Metadata-Version: 2.2
Name: pymadoc
Version: 0.1.1
Summary: Python package to download and combine parts of MADOC dataset
Home-page: https://github.com/atomashevic/pyMADOC
Author: Aleksandar Tomašević
Author-email: atomashevic@gmail.com
Classifier: Programming Language :: Python :: 3
Classifier: License :: OSI Approved :: MIT License
Classifier: Operating System :: OS Independent
Requires-Python: >=3.6
Description-Content-Type: text/markdown
Requires-Dist: pandas
Requires-Dist: requests
Requires-Dist: tqdm
Provides-Extra: test
Requires-Dist: pytest>=6.0; extra == "test"
Requires-Dist: pytest-cov>=2.0; extra == "test"
Dynamic: author
Dynamic: author-email
Dynamic: classifier
Dynamic: description
Dynamic: description-content-type
Dynamic: home-page
Dynamic: provides-extra
Dynamic: requires-dist
Dynamic: requires-python
Dynamic: summary

# pyMADOC

Python package to download and combine parts of MADOC dataset from Zenodo (record: 14637314).
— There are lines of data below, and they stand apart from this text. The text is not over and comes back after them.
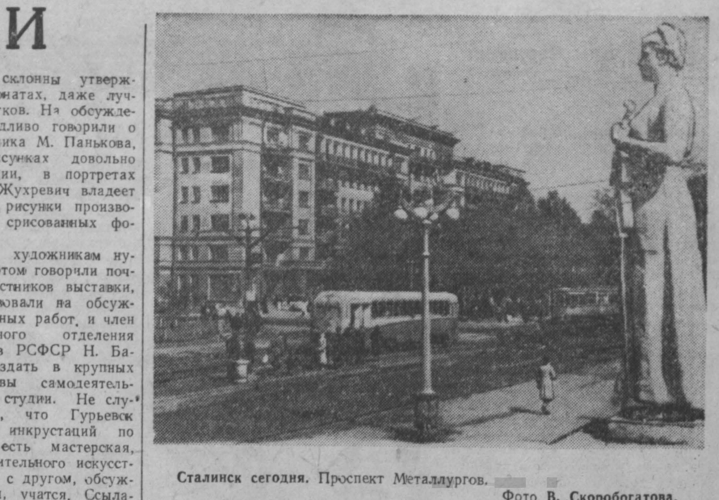
Сталинец сегодня. Проспект Металлургов.

Во дворе дома № 5 по проспекту Металлургов в г. Сталине, разбитый кем-то мостик городской пионерской организации, организованной при поддержке Коммунарки Кузнецкого комбината.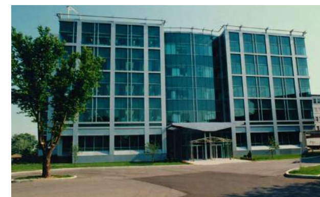
Le CRCHU sur le site du CHUL.

Les activités de recherche fondamentale, clinique et évaluative du Centre de recherche situées à l'Hôtel-Dieu de Québec sont axées sur l'oncologie, la thérapie génique et la néphrologie.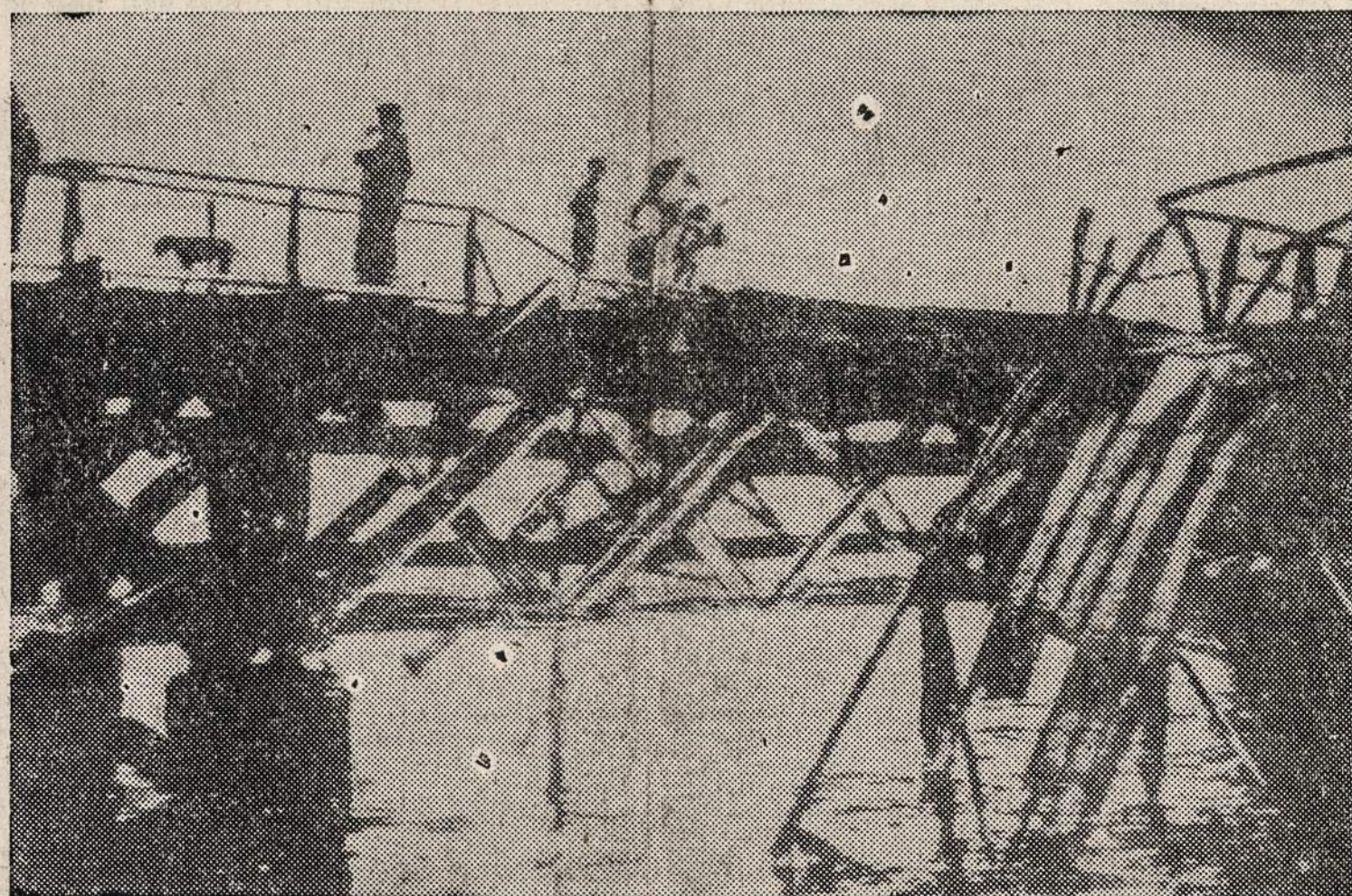
Japonų bombų sugriautas tiltas Darwin mieste, Australijoje. Paveikslas siųstas per radiją iš Darwin į Londoną, o iš ten į New Yorką.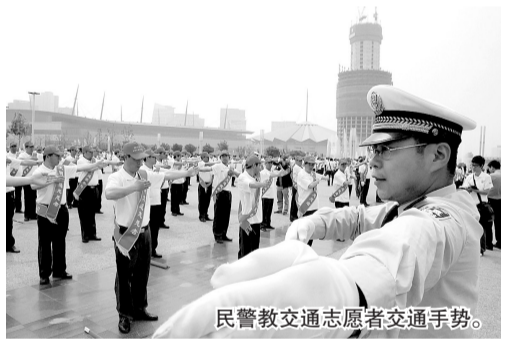
民警教交通志愿者交通手势。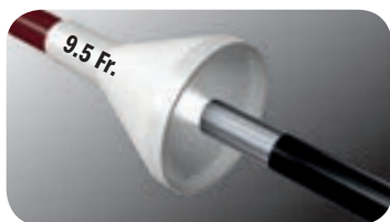
Может использоваться с кожухом 9,5 Fr.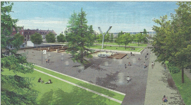
Der geplante Hardaupark mit einer «Schleuder» als Schaukel.

Soweit die Ausgangslage. Umstritten ist nicht der Park, sondern – ein-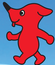
千葉県 マスコットキャラクター チーパくん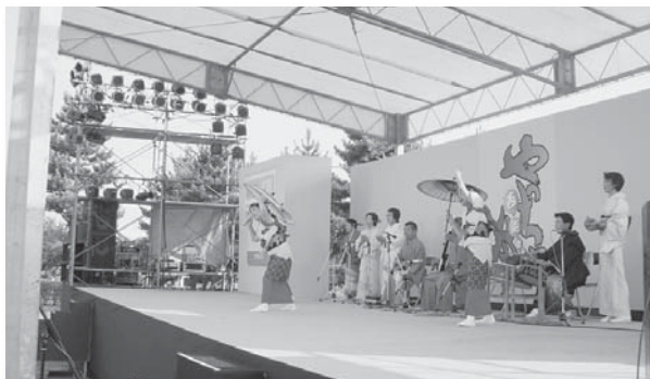
富来民謡保存会・勝栄会による民謡・民舞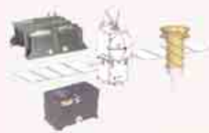
شکل ۳: تجهیزات DORIS مستقر بر روی ماهواره ها

نوسان ساز، شبکه جهانی ایستگاه های مستقل زمینی، مرکز کنترل و پردازش موقعیت مدار ماهواره ها و نرم افزار محاسبه همزمان موقعیت به نام Diode می باشد.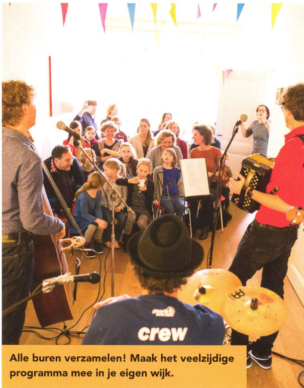
Alle burens verzamelen! Maak het veelzijdige programma mee in je eigen wijk.

De programmakrant van hét huiskamerfestival Gluren bij de Buren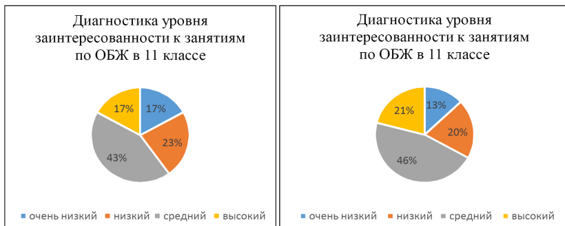
Рис. 2. Сравнительные показатели уровня заинтересованности к занятиям по ОБЖ в 11 классе в констатирующем и контрольном эксперименте

В результате сравнения результатов анкетирования контрольного и констатирующего эксперимента можно сделать вывод, что опрошенных с очень низким уровнем заинтересованности сократилось на 5%, с низким уровнем – на 1%, средний уровень возрос на 3%, а также высокий уровень вырос – на 3%.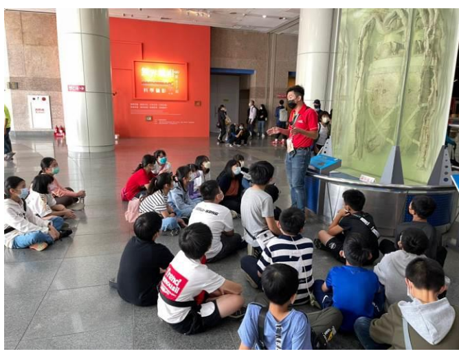
說明：項次 2 成果照片： 實際觀看大王魷魚，並由領隊進行解說。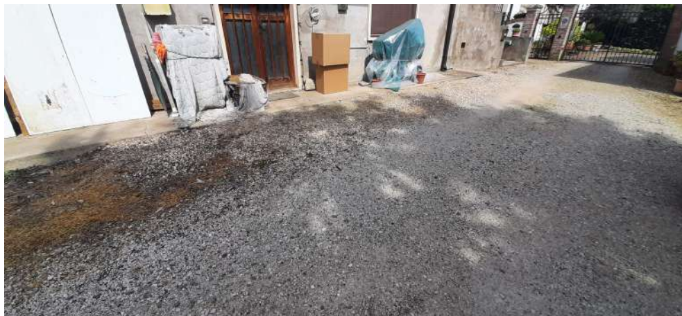
Figura 19 area di corte comune P.Illa106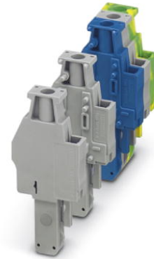
Illustration shows various versions of the product (left, center and right element) in different color combinations

http://eshop.phoenixcontact.de/phoenix/treeViewClick.do?UID=3045774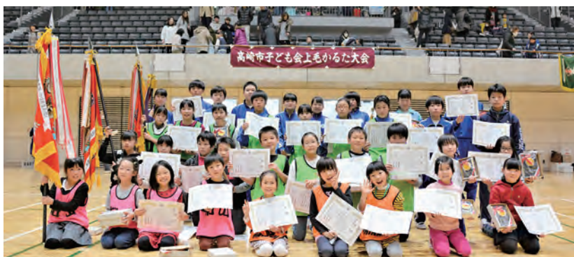
県大会出場者(一・二年の部を除く)

The MADOC dataset contains social media posts from multiple platforms (Reddit, Voat, Bluesky, and Koo), making it easy to study cross-platform content and community dynamics.

## Features

- Easy download of platform-specific data files
- Automatic pairing of Reddit-Voat community data
- Both Python API and Command Line Interface
- Support for direct DataFrame loading
- Progress bars for downloads
- Efficient parquet file format

## Installation

```bash
pip install pymadoc
```

## Usage

### As a Python Package

```python
from pymadoc import list_available_data, download_file, download_community_pair

# List available platforms and communities
data_info = list_available_data()
print(data_info["platforms"])  # ['reddit', 'voat', 'bluesky', 'koo']
print(data_info["communities"])  # ['CringeAnarchy', 'fatpeoplehate', ...]

# Download a specific file
# For Reddit/Voat, specify both platform and community
file_path = download_file("reddit", community="funny", output_dir="data")
# For Bluesky/Koo, specify only platform
file_path = download_file("bluesky", output_dir="data")

# Load directly as DataFrame
df = download_file("reddit", community="funny", as_dataframe=True)

# Download and combine Reddit-Voat community pair
# As files
reddit_file, voat_file = download_community_pair("funny", output_dir="data")
# As combined DataFrame
combined_df = download_community_pair("funny", as_dataframe=True)
```

### Command Line Interface

List available platforms and communities:
```bash
pymadoc list
```

Download a specific file:
```bash
# Reddit/Voat (requires community)
pymadoc download reddit --community funny --output-dir data
# Bluesky/Koo
pymadoc download bluesky --output-dir data
```

Download Reddit-Voat community pair:
```bash
pymadoc pair funny --output-dir data
```

## Available Data

### Platforms
- Reddit: Community-specific posts and comments
- Voat: Community-specific posts and comments
- Bluesky: Platform-wide posts
- Koo: Platform-wide posts

### Communities (Reddit/Voat only)
- CringeAnarchy
- fatpeoplehate
- funny
- gaming
- gifs
- greatawakening
- KotakuInAction
- MensRights
- milliondollarextreme
- pics
- technology
- videos

## Data Format

All files are stored in parquet format for efficient storage and fast loading. Each file contains the following columns:
- Platform-specific post/comment IDs
- Content text
- Timestamps
- User information
- Engagement metrics

## Requirements

- Python 3.6 or higher
- pandas
- requests
- tqdm

## Citation

If you use this package or the MADOC dataset in your research, please cite:
```
@dataset{madoc_dataset,
    title = {MADOC: Multi-platform Archive of Digital Online Content},
    author = {Tomašević, Aleksandar},
    year = {2024},
    publisher = {Zenodo},
    doi = {10.5281/zenodo.14637314}
}
```

## License

MIT License

## Contributing

Contributions are welcome! Please feel free to submit a Pull Request.